This OpEd by VWC Director James Haslam ran in the VTDigger and the Rutland Herald.
This week we witnessed Gov. Shumlin giving up his role in Vermont’s move to universal health care, as he caved to pressure from big businesses. His misguided decision marks the end of a politician’s ambitious career, but not that of universal, publicly financed health care. The governor’s failure to deliver a commonsense plan for shifting from private to public health care financing reveals the powerful opposition to completing such a shift, as evidenced once again in recent comments by the National Life Group and other big companies. Shumlin’s decision was political, not economic.
Vermont can and must move forward — with or without Shumlin — to secure the human right to health care for everyone. Without guaranteed access to care, the human rights crisis in our state will continue unabated. Too many people suffer from poor health, financial hardship, and agonizing choices between filling their prescriptions, putting food on the table or paying rent. Growing inequity in our state, which leaves one in every five young children in poverty, signals a much deeper problem, yet the market-based health care system has a lot to do with it. An insurance system that sells health care as a commodity to those who can pay exemplifies how our entire economy is set up to make money off of underpaid workers and channels profits to corporations that excel in avoiding taxation.
The Healthcare Is a Human Right Campaign set out in 2008 to build a movement led by people impoverished and excluded by the market insurance and economic system, with a view to changing what is politically possible in our state. When we first met with Peter Shumlin in 2009, he said he believed universal health care was not possible, yet as we succeeded in shifting public discourse, he changed tack to do what was politically expedient. Yet his support for universal health care always rested on a pro-business agenda that sought to maintain and expand an economy benefiting the few. As long as universal health care appeared to be aligned with lowering costs for big businesses, Gov. Shumlin largely followed the road set out by Act 48. However, he did so without seeking public input or meeting required deadlines, instead discussing his plans primarily with his Business Advisory Council on Healthcare Financing. In successive state budgets, he pitted health care against education, social programs, a livable wage and paid sick days, cutting the budget by raising the specter of future health care taxes. When it became apparent that universal health care would only work when equitably financed, with big businesses paying their fair share, Shumlin switched sides again and abandoned his obligations under Act 48.
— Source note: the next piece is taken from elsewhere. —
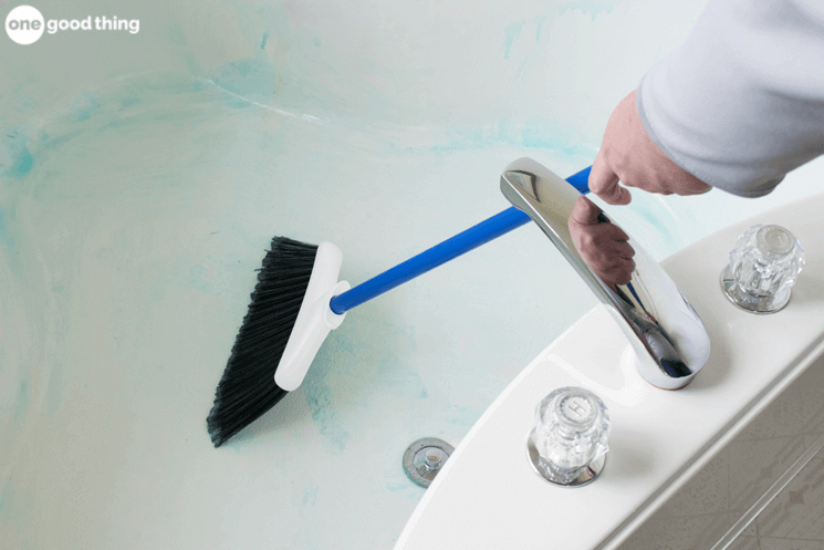 *注意:如果您要定期使用此提示,我會(huì)專門為此目的準(zhǔn)備一把掃帚。一把骯臟的掃帚不能幫助你清理浴缸,所以從美元商店搶到一個(gè)便宜的新的!

Universal, publicly financed health care is about economic change – it’s about making our economy work for all people, not the few; it’s about an economy with sustainable businesses that serve the people, not just profit interests, an economy that creates good, livable wage jobs and protects our environment. Shumlin has not been a champion of a people’s economy. Now that he has shown his cards, it’s time for us to show that we can do better.
Universal health care works by moving from private premium payments, deductibles, co-pays and co-insurance to public taxes. We already pay for our health care system – at least twice as much as countries with universal health care – which means no new money is needed. An equitable financing plan would be based on progressive taxation, so that both businesses and individuals pay according to their ability. No flat taxes that make small businesses pay the same as big, no caps on payments by the wealthy, no cost-shifting to individuals. Here’s how Vermont can get a health care system, and ultimately an economy, that puts people first: we maintain the current 80 percent to 20 percent split between business and individual premium contributions; individuals and families pay what they can through income taxes; and businesses pay their share through a graduated payroll tax that starts at zero for the smallest businesses and goes up to 20 percent or higher for large corporations, maintaining their current rate of contributions. Companies with large wage discrepancies would be charged more than those that pay all their workers a fair wage.
Progressive health care financing would ensure that everyone gets the health care they need and contributes based on ability. It would also set us on track for an economy that works for all people. Low voter turnout at the last election showed us that people are disillusioned with the status quo and ready for change. We count on our elected representatives to act on that, just as we count on the Green Mountain Care Board to move forward with Act 48 in tandem with the Legislature. Our people’s movement will show the way forward for publicly financing health care based on ability to pay, for equitably funded education, and for a state budget and economy that puts people and the planet first.